Vielleicht wissen Sie noch davon: für Martin Luther ist die Unterscheidung von Gesetz und Evangelium besonders wichtig.

Das Gesetz hatte er als Mönch gelebt. Er wollte vor Gott gut dastehen. Im Bibellesen. In den Gebeten. In dem, was er an Bußübungen tat. So sehr, dass sein Prior ihm sagen musste: „Martin Luther, wenn du so weiter machst, treibst du uns alle in den Wahnsinn. Wir können nicht mehr. Du möchtest möglichst gut bei Gott dastehen, indem du alle mönchischen Regeln erfüllst. Du zwingst uns auch, alle diese Regeln zu halten. Aber wir können es nicht in dieser Intensität.“

Und dann entdeckt Luther die Verheißung, dass Gott gnädig ist – aus sich heraus: einfach weil er ein barmherziger Gott ist. Wir können nichts tun, um Gott gnädig zu stimmen. Gott ist schon immer ein barmherziger Gott.

Und nun sieht er sich im Konflikt mit der katholischen Kirche. Für ihn ist die katholische Kirche eine Kirche, die viele Regeln aufstellt, die man alle einhalten muss.

Und davon distanziert sich Martin Luther.

Gott ist gnädig aus sich heraus. Den Himmel bekommen wir geschenkt. Es gibt nichts, was man dafür tun kann, um in den Himmel zu kommen. Wer etwas tun möchte, um in den Himmel zu kommen, wird den Himmel verfehlen.

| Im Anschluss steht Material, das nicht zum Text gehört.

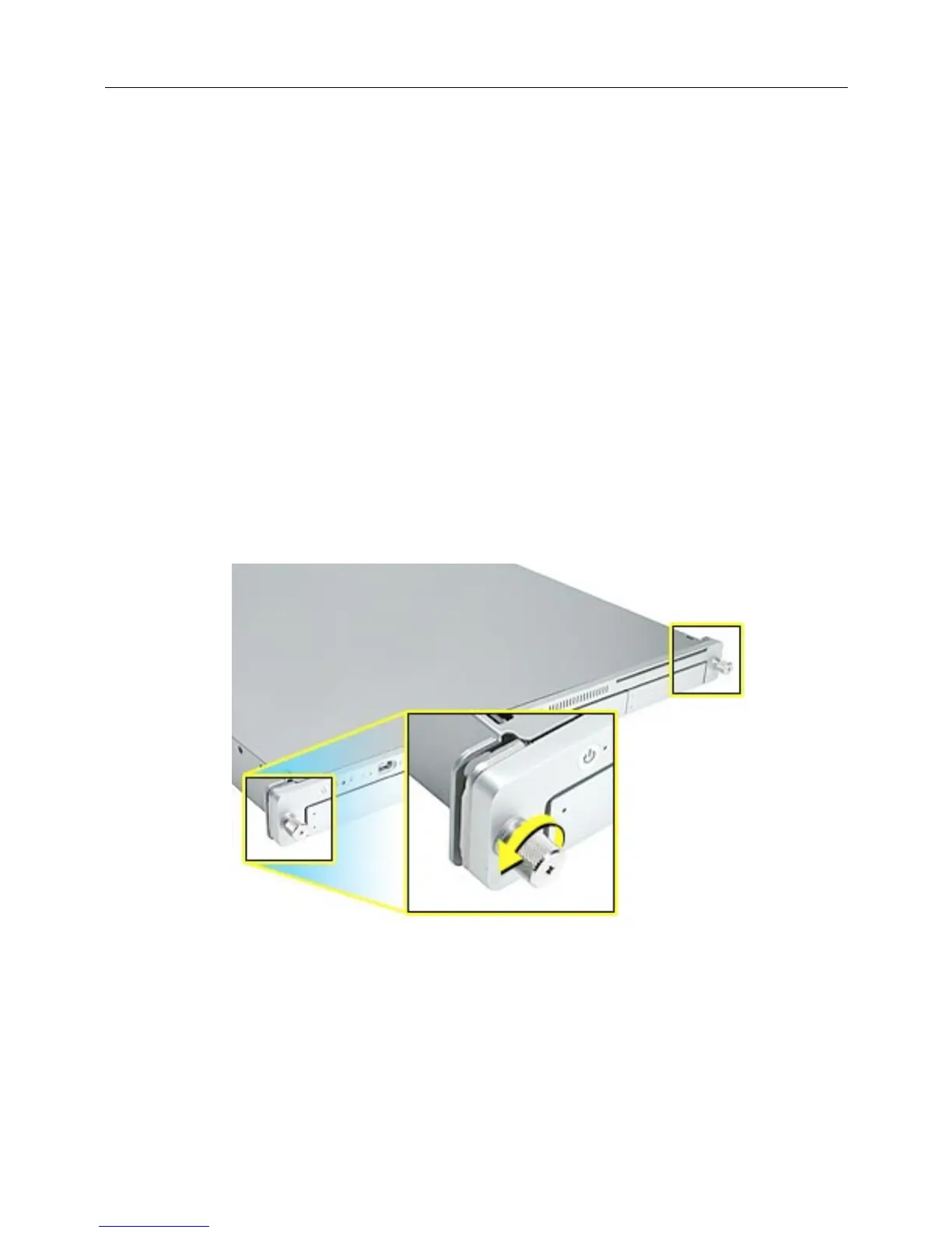 3. If the server is in the locked position (the yellow security LED on the front panel is on),

Und nun passiert folgendes: Luther identifiziert sich selber mit Paulus, von dem er diese Erkenntnis hat. Und Luther glaubt, dass Paulus gegenüber dem Judentum in dem selben Konflikt gestanden hat wie er, Luther, im Konflikt mit dem Katholizismus steht.

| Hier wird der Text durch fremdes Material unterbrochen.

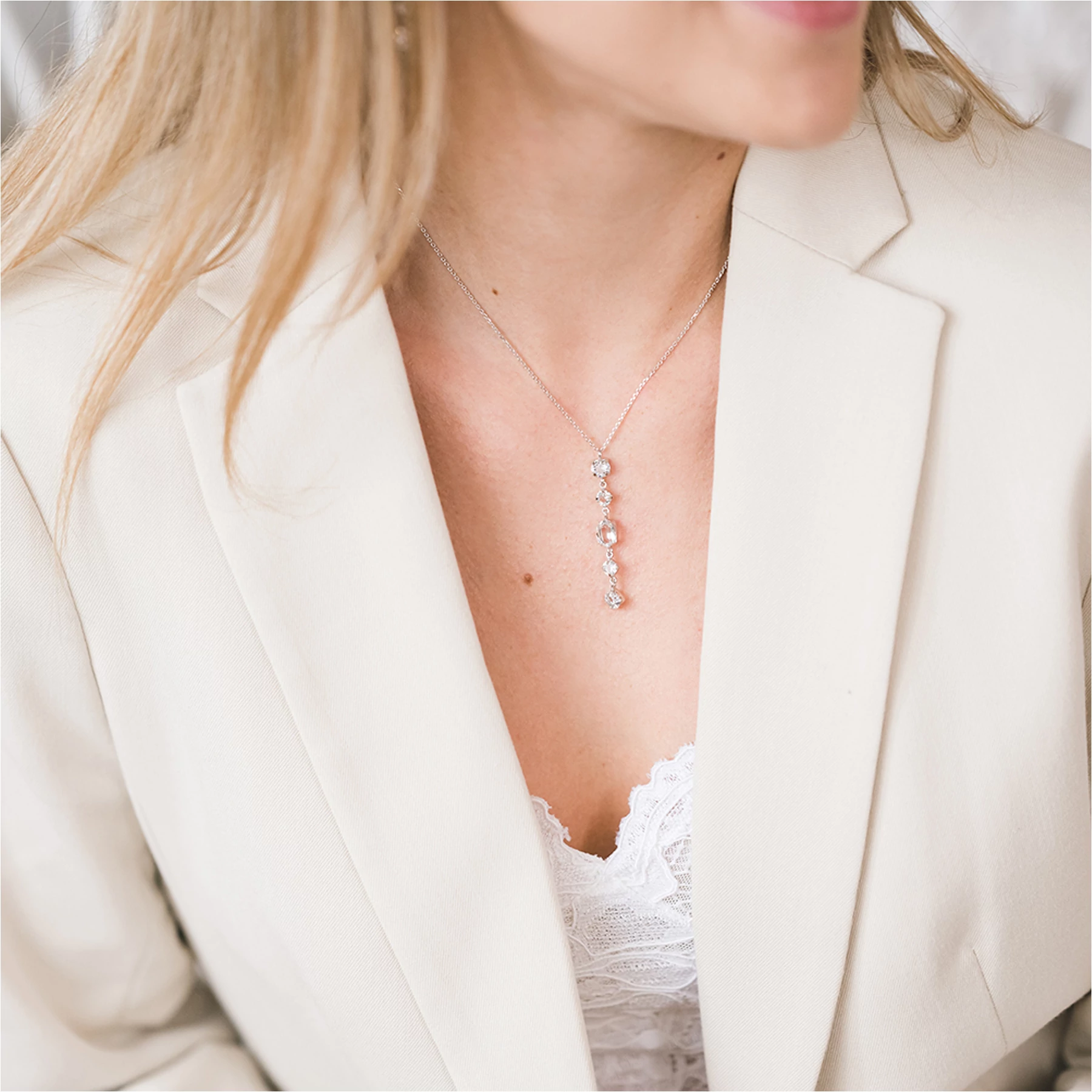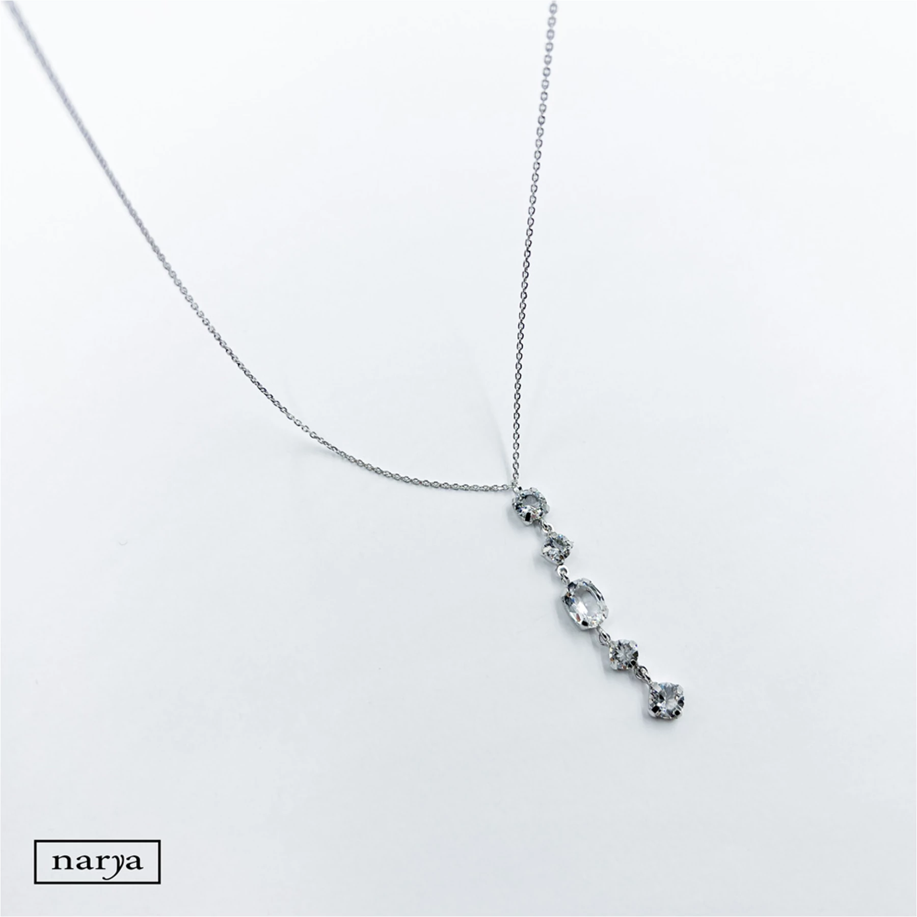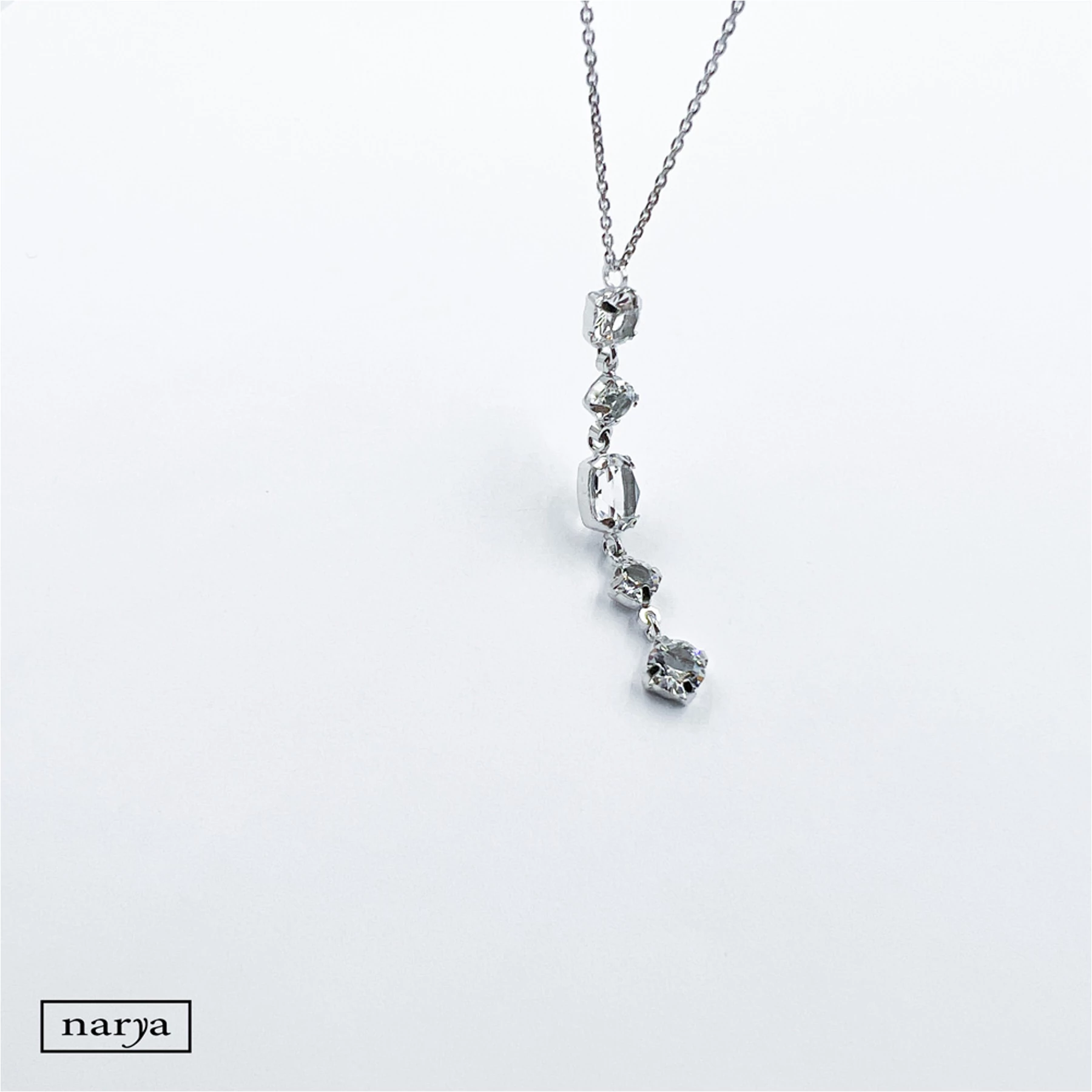 Julka ródiumozott nyakláncunk 925 ezrelékes finomságú ezüstékszer. A különböző alakú, fényes Swarovski kristályos medál a vékony anker nyaklánccal Y alakot formál.

Egal was in der Bibel steht: Martin Luther ist davon überzeugt, dass Juden aus Werkgerechtigkeit in den Himmel kommen wollen.

Dass auch die Juden eine solche Werkgerechtigkeit ablehnen könnten und schon immer an einen gnädigen Gott glauben, kommt für Martin Luther überhaupt nicht in den Sinn.

Luther ist in seiner Auseinandersetzung mit dem Katholizismus so gefangen, dass er selbst dann, wenn es ganz anders in der Bibel steht, trotzdem daran festhält: Juden halten das Gesetz nicht aus Liebe zu Gott, sondern um Gott dazu zu bringen dass sie in den Himmel kommen. Darum sind die Juden für Luther die allerschlimmsten Sünder. Und darum hat er auch noch in seinen allerletzten Lebenstagen dafür gesorgt, dass die letzten noch verbliebenen Juden aus dieser Umgebung vertrieben werden.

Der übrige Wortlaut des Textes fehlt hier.